Well then - last night - I got a call from the local Sheriff's office that they have her there because she was picked up for shoplifting. She was out shopping for things to go to a concert and tried shoplifting two bathing suit tops. 

Needless to say I am beyond disappointed. I am hurt and sad. My husband has not even spoken to her yet. However we told her that her phone is gone, computer is gone, concert is gone, she goes to school and to work and that is it. No parties, no friend's houses....and she has to write a letter of apology to the store.

She still has to go get fingerprinted and get her mug shot and then go to court. I told her that she needs to do these things herself as my husband and I both work. I just don't get it. I don't understand why - when this was going to be "HER" summer of fun.....why would she be acting out like this. 

I can't talk to her. I try - but she has never been much of a talker - wants to figure things out herself. But as odd as it sounds, I do consider us close. I just have knots in my stomach.


----------



## tacoma (May 1, 2011)

I don`t know why you think she`s "acting out".

Is there something other than the shoplifting that makes you think this?

The shoplifting I`d put in the same category as "Kids being stupid" and discipline her as you`ve already laid out.


----------



## lynnmarie (Apr 30, 2012)

Maybe I have used the term "acting out" incorrectly. I just do not understand why all of a sudden - when it is the end of high school -with all kinds of plans and college and finally having money to spend on things - why a child would do this. My thinking is that deep down she does not want to leave and go to college - but she will not talk about it. And truth is - when a person is almost 18 years old - I really do not consider them a "kid" but much more an "adult". But that is just me.


----------



## tacoma (May 1, 2011)

lynnmarie said:


> Maybe I have used the term "acting out" incorrectly. I just do not understand why all of a sudden - when it is the end of high school -with all kinds of plans and college and finally having money to spend on things - why a child would do this. My thinking is that deep down she does not want to leave and go to college - but she will not talk about it. And truth is - when a person is almost 18 years old - I really do not consider them a "kid" but much more an "adult". But that is just me.

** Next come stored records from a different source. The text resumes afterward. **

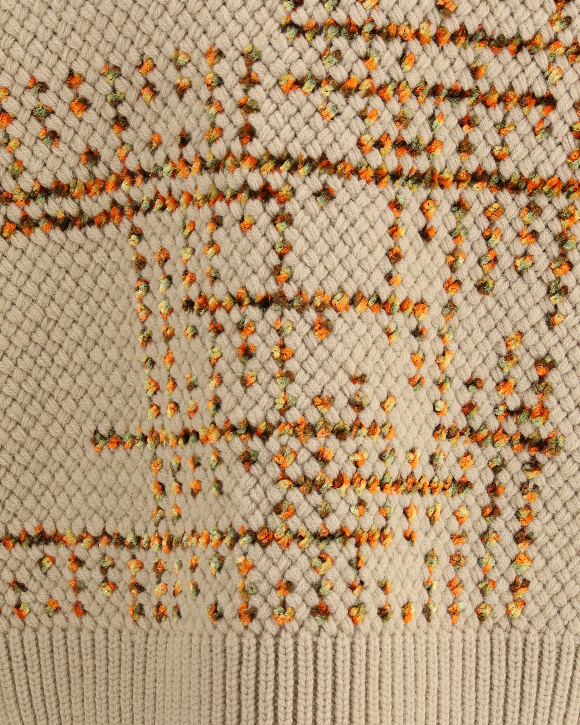 The wool turtleneck Sweater by Dries Van Noten is a garment that combines elegance and comfort in a refined design. Made of fine wool, it is distinguished by a refined jacquard pattern that lends character and depth to the fabric. The fit is loose, designed to offer a relaxed yet still sophisticated silhouette. The high ribbed collar, along with the hem and cuffs also ribbed, adds structure to the garment, emphasizing the attention to detail typical of the house.
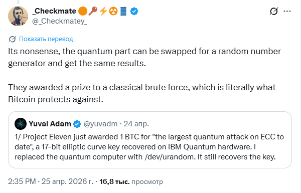 Independent developer Yuval Adam reproduced The described method, substituting random values ​​for quantum data, also succeeded in recovering identical keys. This experiment suggests that the obtained result is based on classical brute-force methods, and not on any quantum computing.
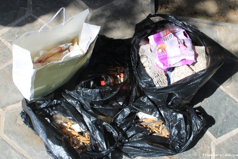 道路上,垃圾逐渐露出来:纸巾,塑料包装纸,烟头,泡沫塑料块。体积不大,数量却不少,尤其是烟头。烟头的种类多种多样,有黄鹤楼,玉溪,红梅,中南海,人民大会堂,黄果树,钻石,红塔山等。其中,钻石和中南海的数量最多。平时看似貌不惊人的烟头,此刻却成了破坏环境的始作俑者。千里之堤,毁于蚁穴;大美雁栖,脏于烟头。
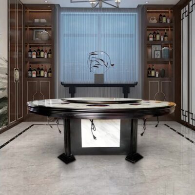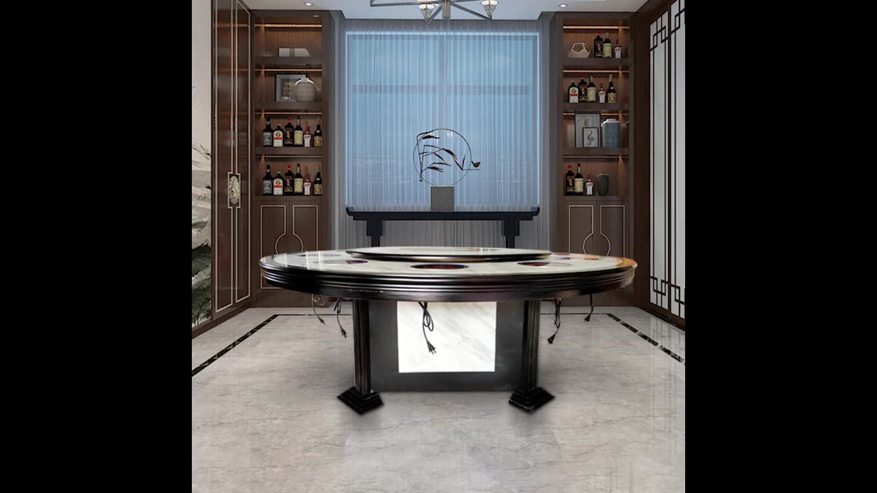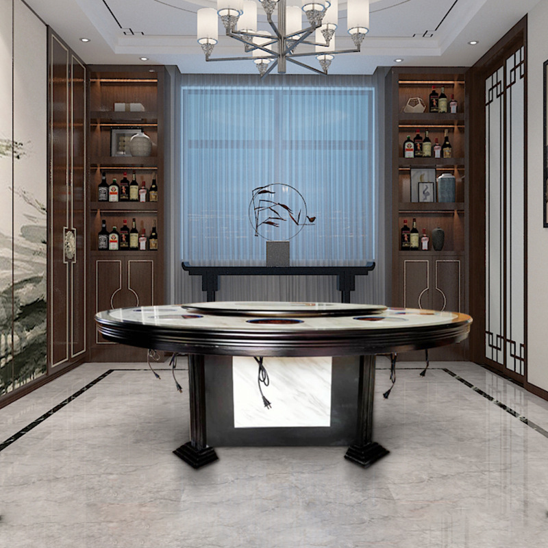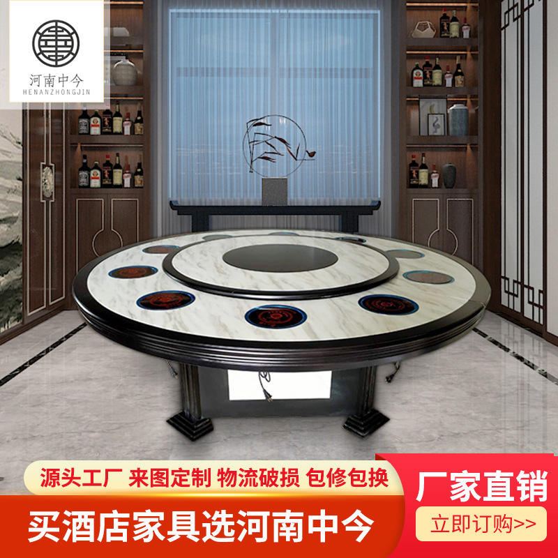 Bếp cảm ứng phong cách Trung Quốc mới bàn lẩu tùy chỉnh bàn ăn bằng đá cẩm thạch kết hợp bán buôn khách sạn xoay tự động khách sạn bàn tròn lớn
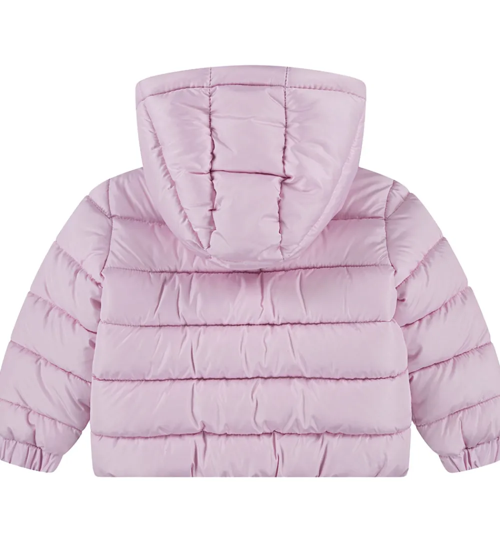 Lækker Nike dynejakke i rosa med et broderet, hvidt logo på venstre bryst og skrå syninger.
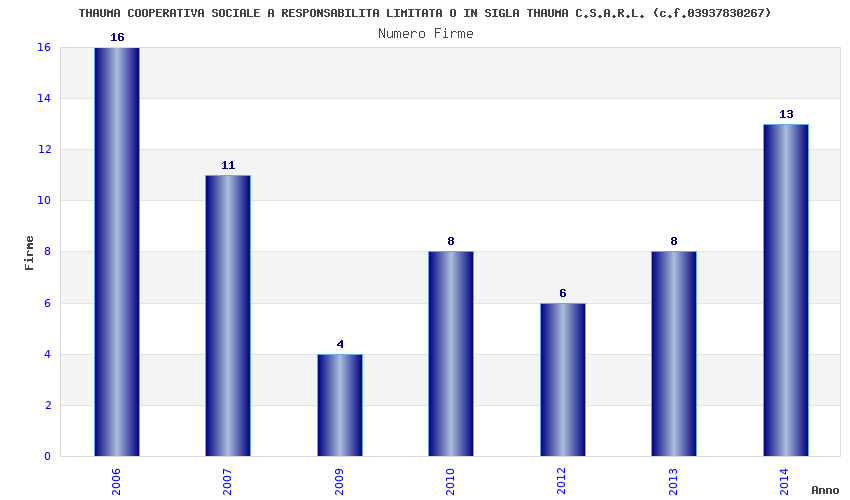 | Anno | Firme | Importi | Media | Naz. | Reg. | Prov. | Comu. |
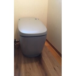 ご要望に合った高機能タンクレストイレをご提案させていただきました。水漏れからシミになっていた床は、便器色に合うカラーの床板をご提案いたしました。
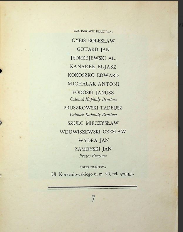 This page lists the members in alphabetical order. Pruszkowski and Podowski are captioned as “(Founding) Member of the Chapter Brotherhood”, and Jan Zamoyski as President of the Brotherhood.
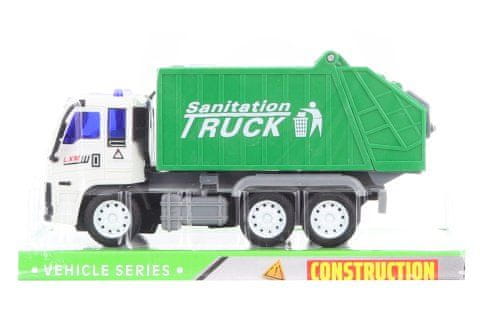 Tovornjak za smeti na vztrajniku. Dimenzije približno 20 × 9,5 × 6,5 cm. Dimenzije paketa približno 23 × 12 × 9 cm. Starost 3+
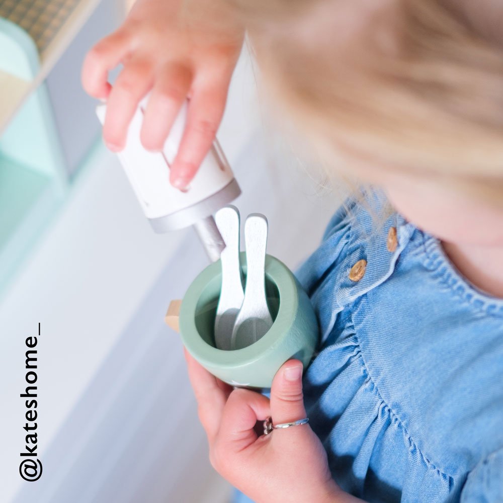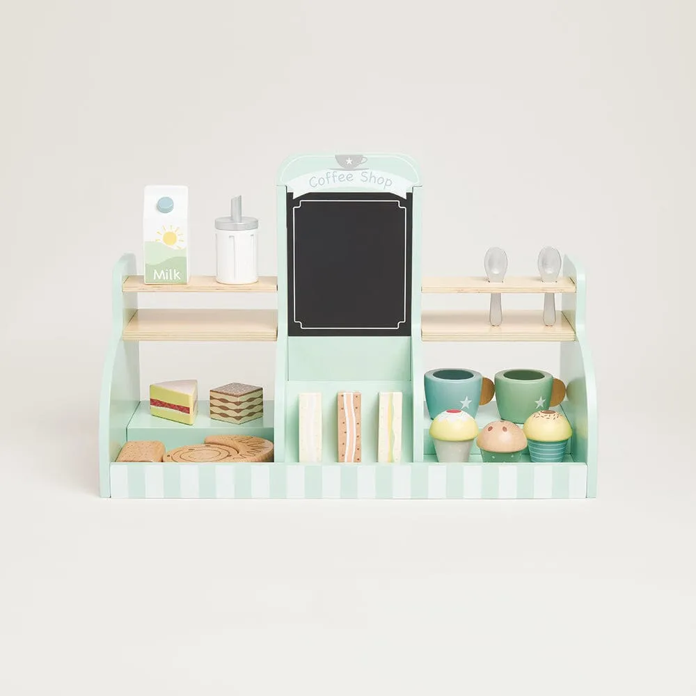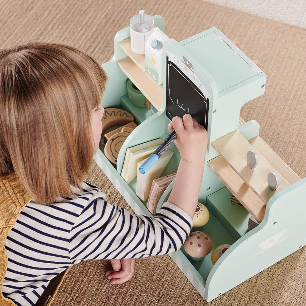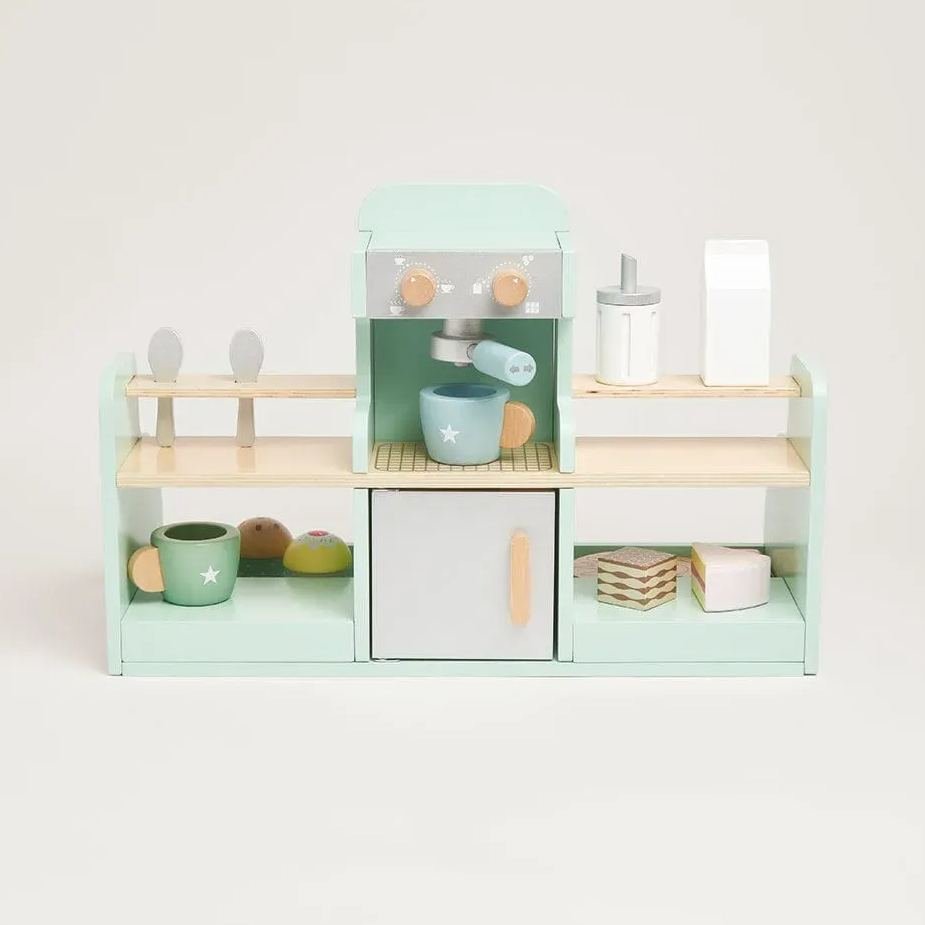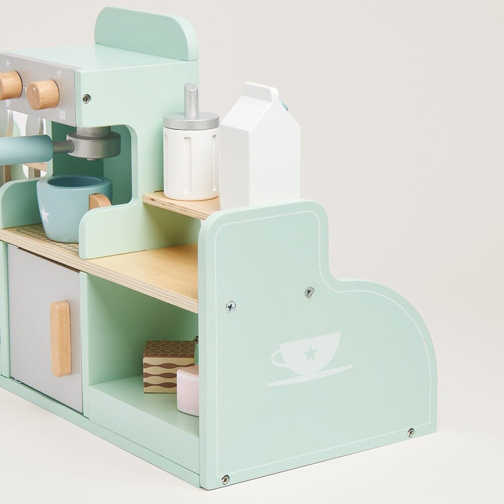 Beautifully made from painted wood, our lovely play coffee shop includes a whopping 17 accessories including coffee cups, spoons, sandwiches and cakes, as well as the all important coffee machine! This toy has been designed to inspire creative role play and practicing those all important fine motor skills.
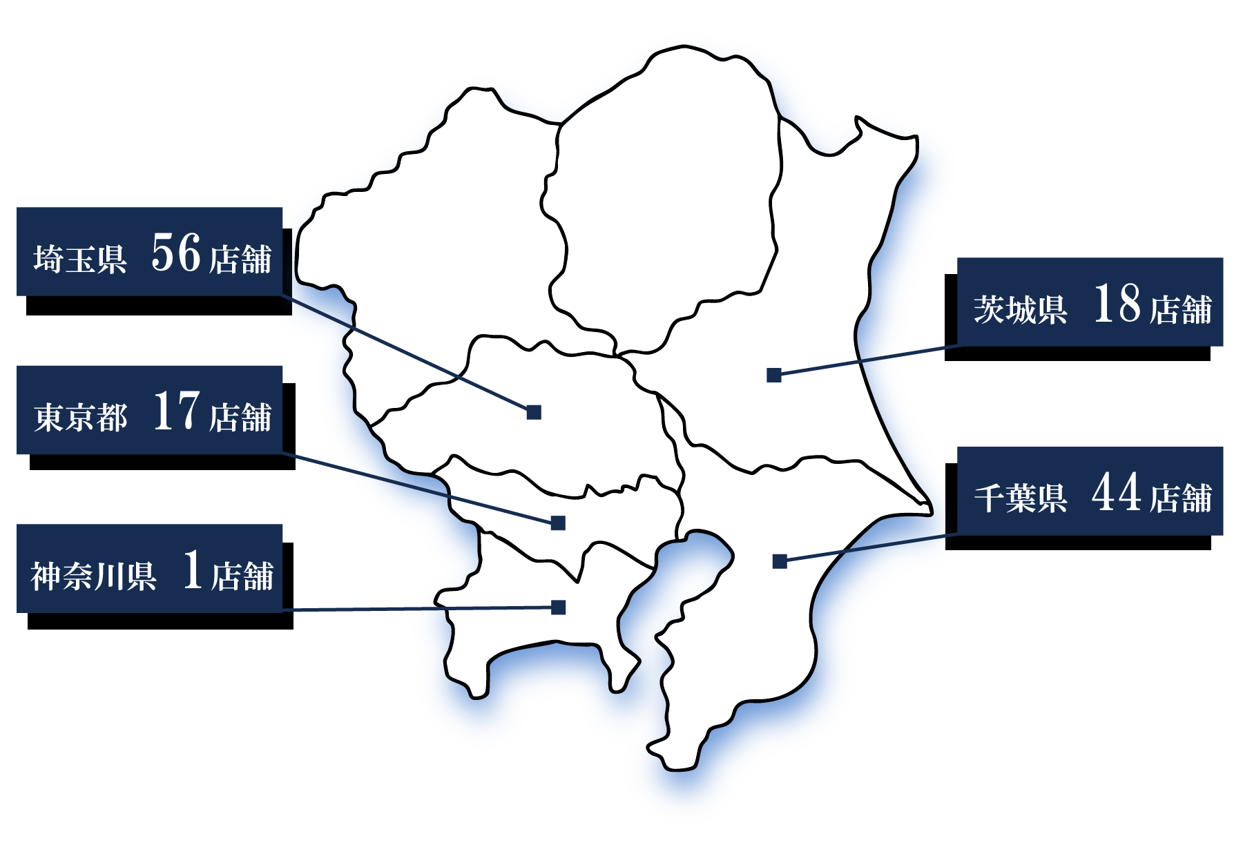 千葉・茨城のロードサイドを中心に約40店舗を展開するメガネハット。 このエリアでトップクラスの店舗数は、長く地域でご支持をいただいている証でもあります。のんびりとした郊外に現れる、西洋の神殿を思わせる高級感ある「パルテノン型」の店舗では、お客様のためにのびのびと真心こめた接客をするスタッフが、ご来店をお待ちしています。
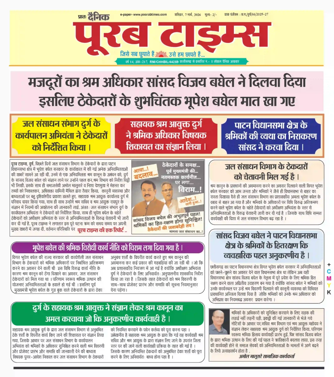 पूरब टाइम्स, दुर्ग. पिछले दिनों जल संसाधन विभाग के ठेकेदारों के द्वारा पाटन विधानसभा क्षेत्र में भूपेश बघेल सरकार के कार्यकाल में की गई अनेक अनियमितताओं की खबरें सामने आ रही थीं . उनमें से एक अनियमितता श्रम कानून के उल्लंघन को , दुर्ग के सांसद विजय बघेल को संज्ञान लाने पर उन्होंने पहल कर , श्रम विभाग को निर्देश चिट्ठी भी लिखी . इसके साथ ही समाजसेवी अमोल मालुसरे व निशा देशमुख ने मेहनत कर तथ्यों को निकालकर , अधिवक्ता यामिनी मैथिल द्वारा तैयार किया , कानूनी व्यवस्था और बाध्यताओं पर बहु दृष्टिकोणीय प्रकाश डालते हुए, सहायक श्रम आयुक्त कार्यालय दुर्ग में परिवाद दायर किया गया . साथ ही साथ उन्होंने श्रम सचिव व श्रम आयुक्त रायपुर के संज्ञान में नियमों की अवहेलना की जानकारी लाई . अंतत: जल संसाधन संभाग दुर्ग के कार्यपालन अभियंता ने ठेकेदारों को निर्देशित किया . साथ ही भूपेश बघेल के चहेते ठेकेदारों को अधीक्षण अभियंता के स्तर से अनियमितताओं के विरुद्ध चेतावनी भी जारी कर दी गई है . पूरब टाइम्स ने लगातार इस पूरे घटना क्रम को समय समय पर अपनी मुख्य खबरों में जगह दी. वर्तमान परिस्थिति पर पूरब टाइम्स की एक रिपोर्ट ..
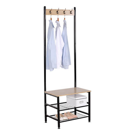 Стильная подставка/вешалка для одежды в минималистичном дизайне. В нем есть четыре вешалки, две полки для хранения органайзеров и коробок, а также зона отдыха. Изготовлен из комбинации ДСП дуба Sonoma и черной стали.
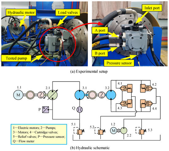 In order to verify the numerical model, a swashplate-type piston pump was tested in a closed-circuit hydraulic system shown in Figure 8. The measured parameters of the piston pump are shown in Table 2. The piston pump, produced by Hytek Hydraulic, is driven by a 75 kW variable frequency motor, and its rotational speed can be regulated from 0 to 1500 r/min.
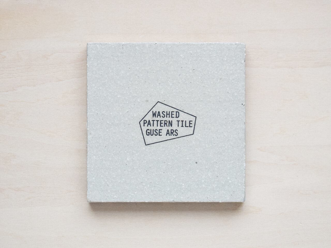海や川を歩くとかつて器やタイルの一部であった陶片が打ち上げられています。漂着した陶片の中には、小さな柄が残されているものもあります。washed patternとは、陶片の柄を抽出し、再構成することで新しい模様を生み出すguse arsのプロジェクトです。この模様をタイルとして生活に戻すことで、遠い未来、再び割れて欠片となり、何処かに流れ着く日が来るかもしれません。これは永遠に続けることができるサイクルです。生命が子孫を残していくように、陶片もまた未来に続く模様の子孫を繋いでいく。このタイルには、陶片が織り成す「時」と「模様」のめくるめく連鎖が封じ込められています。

True, socially and legally they are adults.
Mentally/emotionally no way and the teen years are the stupidest of them all.

What makes you think she doesn`t want to go off to college?

It`s so hard to talk to them at this age because "They know everything!" and you`re often stuck trying to divine their thoughts and needs with little success.


----------



## Almostrecovered (Jul 14, 2011)

many teens go through that "invincibility" stage

she's speeding thinking she won't get a ticket or get hurt in an accident

she's stealing thinking she won't get caught

and the good news is that is she was indeed caught both times and now has to face consequences, this could prove to be a very valuable life lesson

I would say that there is a problem if more things pop up after this


----------



## lynnmarie (Apr 30, 2012)

I am comparing her actions and attitudes about the preparing for college to that of our first one attending college. I really do not try to compare my children to each other - but that is the only true measure that I have with regards to this. I am the one that has to keep on her to get things done in regards to getting ready for college. And with college looming so close - why would you start doing stupid things?

Please do not misunderstand me - I WANT her to go. I think she needs to get out of our small town and be on her own.

However - now with the things that she is starting to do - I am a little apprehensive about it thinking that maybe she is not ready.

Believe me, I did stupid things when I was her age. And I remember them like yesterday. It is harder when it is your own kids.


----------



## lynnmarie (Apr 30, 2012)

I would say that there is a problem if more things pop up after this[/QUOTE said:


> That is exactly what I was thinking as well. I was thinking of telling her that she has two strikes right now - three strikes and you're out!
> 
> But out in what way?? What more can be taken away? I am having a hard time thinking of what I would actually do if she does one more thing.


----------



## Hope1964 (Sep 26, 2011)

I agree with the others - what she's done is pretty minor and not freak-out worthy.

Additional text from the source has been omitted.